THE DATA ▸

=-=-=-=-=

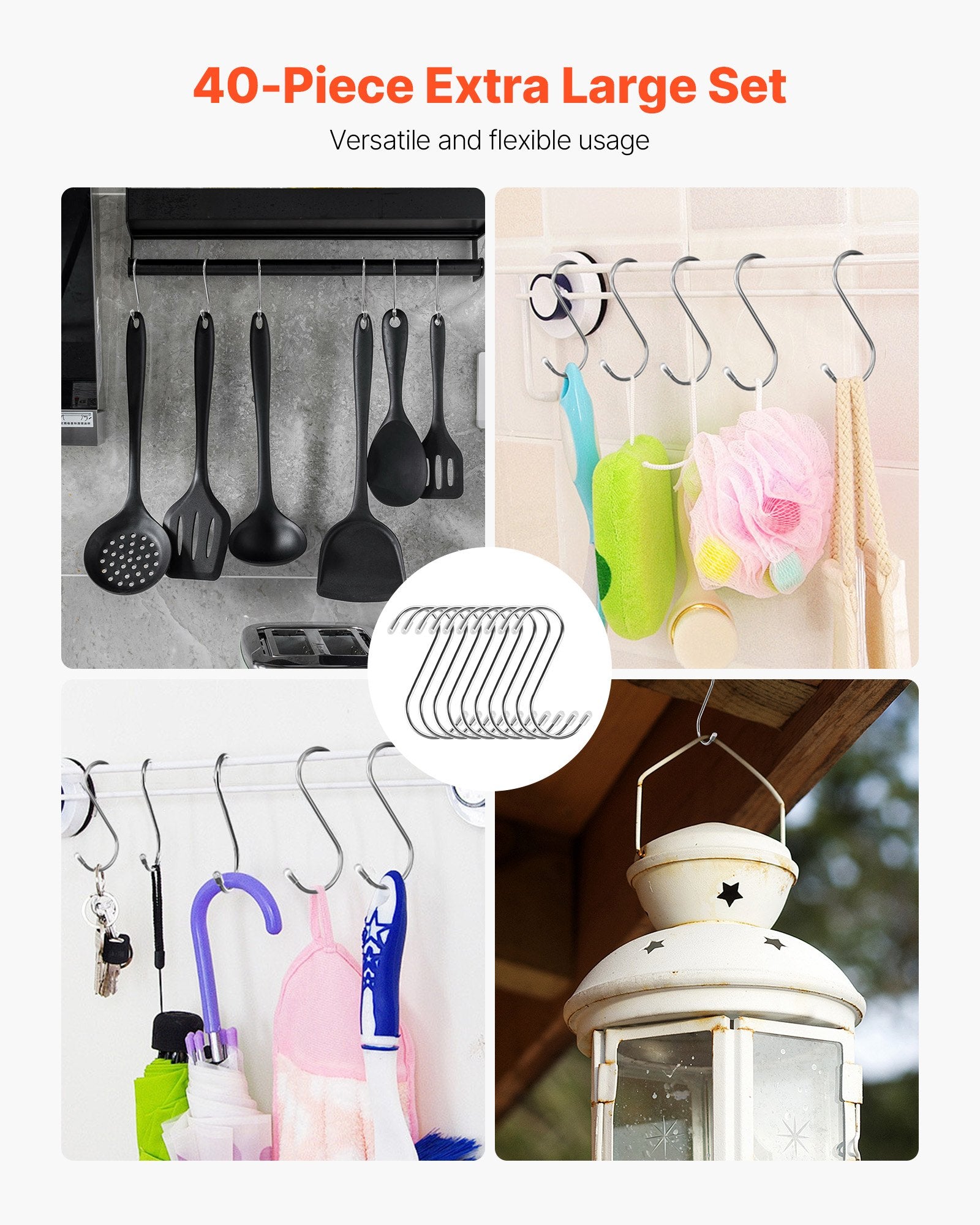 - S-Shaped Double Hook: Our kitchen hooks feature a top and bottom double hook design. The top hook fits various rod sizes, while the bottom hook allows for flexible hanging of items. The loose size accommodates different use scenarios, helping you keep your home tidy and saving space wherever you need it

=-=-=-=-=

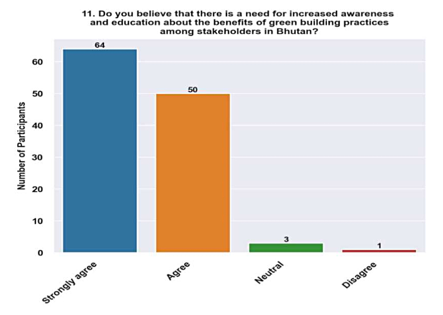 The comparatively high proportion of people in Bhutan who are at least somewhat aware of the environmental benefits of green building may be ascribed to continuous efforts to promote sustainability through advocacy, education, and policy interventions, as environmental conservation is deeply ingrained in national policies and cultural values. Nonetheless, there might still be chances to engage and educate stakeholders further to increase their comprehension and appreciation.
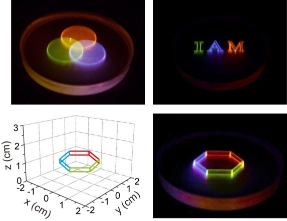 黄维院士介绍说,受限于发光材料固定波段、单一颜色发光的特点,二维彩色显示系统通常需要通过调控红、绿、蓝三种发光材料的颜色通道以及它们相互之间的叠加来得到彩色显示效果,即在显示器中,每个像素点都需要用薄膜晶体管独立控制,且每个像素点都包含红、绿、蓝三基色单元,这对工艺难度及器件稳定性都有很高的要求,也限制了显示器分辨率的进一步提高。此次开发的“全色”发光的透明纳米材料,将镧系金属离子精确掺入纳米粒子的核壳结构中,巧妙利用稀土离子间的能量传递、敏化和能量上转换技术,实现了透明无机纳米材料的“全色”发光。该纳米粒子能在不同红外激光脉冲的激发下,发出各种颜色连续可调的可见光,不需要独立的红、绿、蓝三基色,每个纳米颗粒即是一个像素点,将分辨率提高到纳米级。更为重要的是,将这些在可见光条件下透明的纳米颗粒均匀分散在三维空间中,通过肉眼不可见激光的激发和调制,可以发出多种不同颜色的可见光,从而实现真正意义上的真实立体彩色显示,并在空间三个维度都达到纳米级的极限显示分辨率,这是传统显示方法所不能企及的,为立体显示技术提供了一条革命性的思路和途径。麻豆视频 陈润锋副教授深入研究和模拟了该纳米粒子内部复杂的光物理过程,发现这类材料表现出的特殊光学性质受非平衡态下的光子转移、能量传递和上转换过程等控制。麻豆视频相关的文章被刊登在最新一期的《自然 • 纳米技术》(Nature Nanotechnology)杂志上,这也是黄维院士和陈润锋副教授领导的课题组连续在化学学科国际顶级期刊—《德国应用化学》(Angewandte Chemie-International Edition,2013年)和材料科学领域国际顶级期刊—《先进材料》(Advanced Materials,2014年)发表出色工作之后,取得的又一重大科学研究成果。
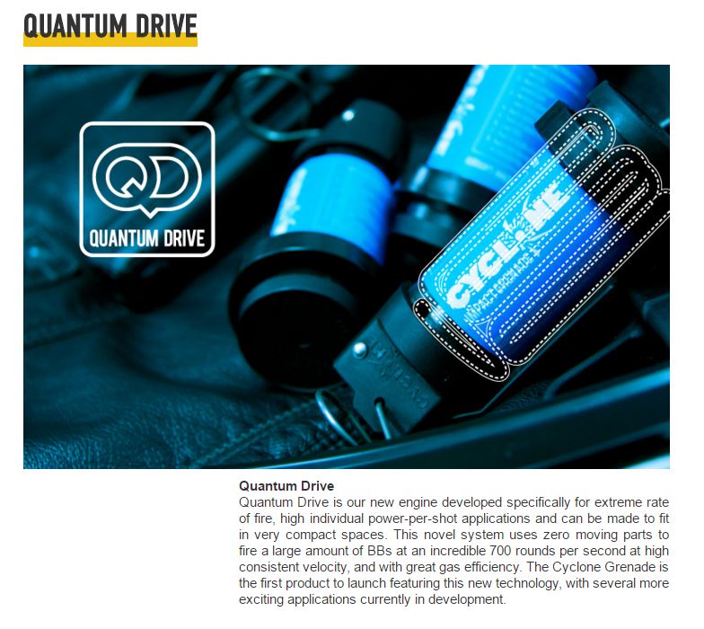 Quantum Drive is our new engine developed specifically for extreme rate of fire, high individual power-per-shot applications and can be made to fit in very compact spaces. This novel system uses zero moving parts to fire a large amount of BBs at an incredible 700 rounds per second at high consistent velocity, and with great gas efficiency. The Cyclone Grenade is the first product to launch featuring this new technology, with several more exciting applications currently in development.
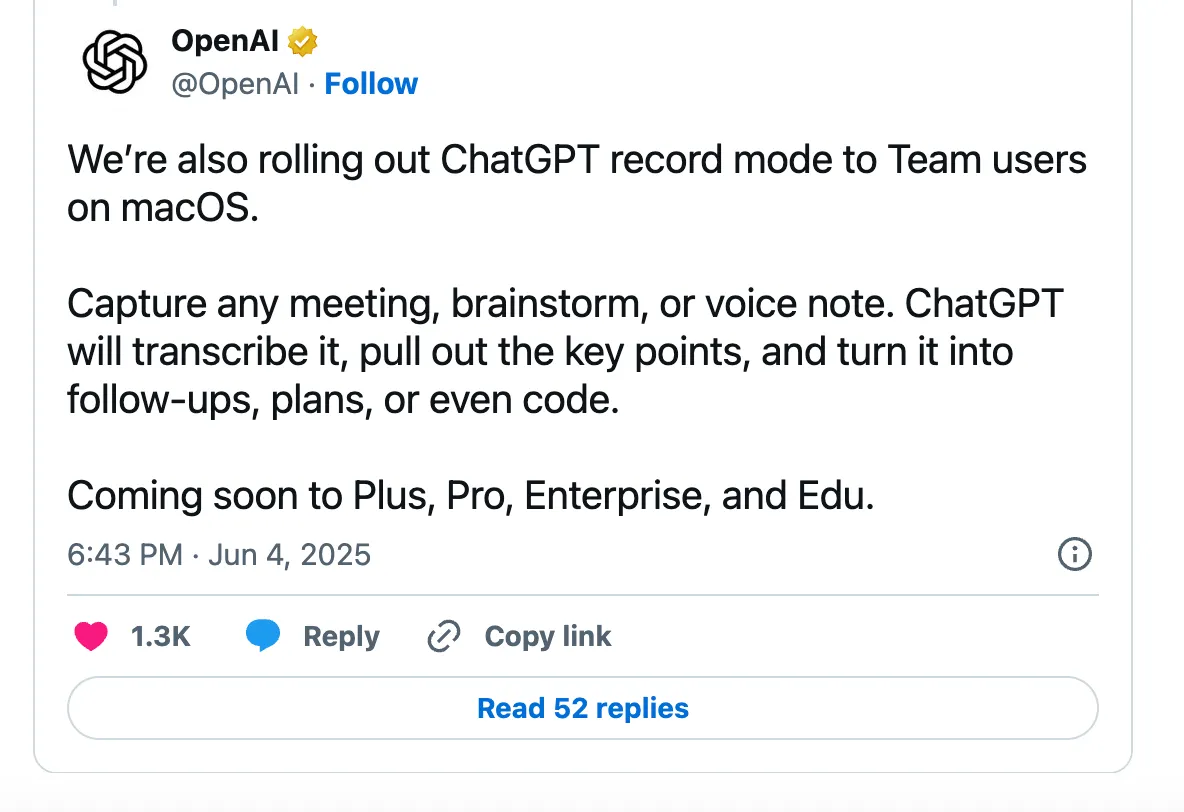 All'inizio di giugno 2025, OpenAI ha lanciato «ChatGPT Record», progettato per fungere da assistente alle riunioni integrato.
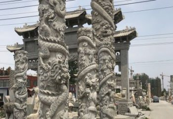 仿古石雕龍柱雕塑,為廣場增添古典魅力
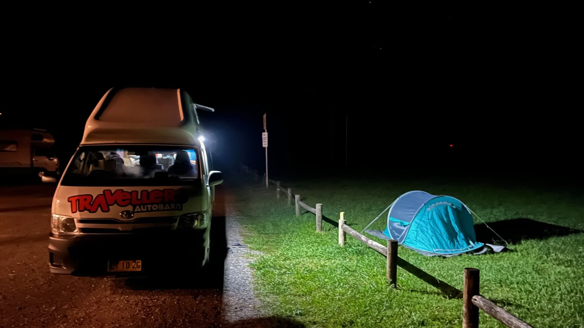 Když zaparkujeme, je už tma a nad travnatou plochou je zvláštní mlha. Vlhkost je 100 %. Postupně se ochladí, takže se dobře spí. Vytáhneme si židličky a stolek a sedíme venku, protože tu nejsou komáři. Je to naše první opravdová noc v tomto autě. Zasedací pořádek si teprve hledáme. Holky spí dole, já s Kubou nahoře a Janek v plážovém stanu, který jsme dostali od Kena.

=-=-=-=-=

PROBLEM ▸ Leaving each picture behind, please give again exactly the lines above from the one with "仿古石雕龍柱雕塑,為廣場增添古典魅力" through the one with "Když zaparkujeme, je", both included, and no others.

SOLUTION FOR THIS TASK ▸
 仿古石雕龍柱雕塑,為廣場增添古典魅力
 Když zaparkujeme, je už tma a nad travnatou plochou je zvláštní mlha. Vlhkost je 100 %. Postupně se ochladí, takže se dobře spí. Vytáhneme si židličky a stolek a sedíme venku, protože tu nejsou komáři. Je to naše první opravdová noc v tomto autě. Zasedací pořádek si teprve hledáme. Holky spí dole, já s Kubou nahoře a Janek v plážovém stanu, který jsme dostali od Kena.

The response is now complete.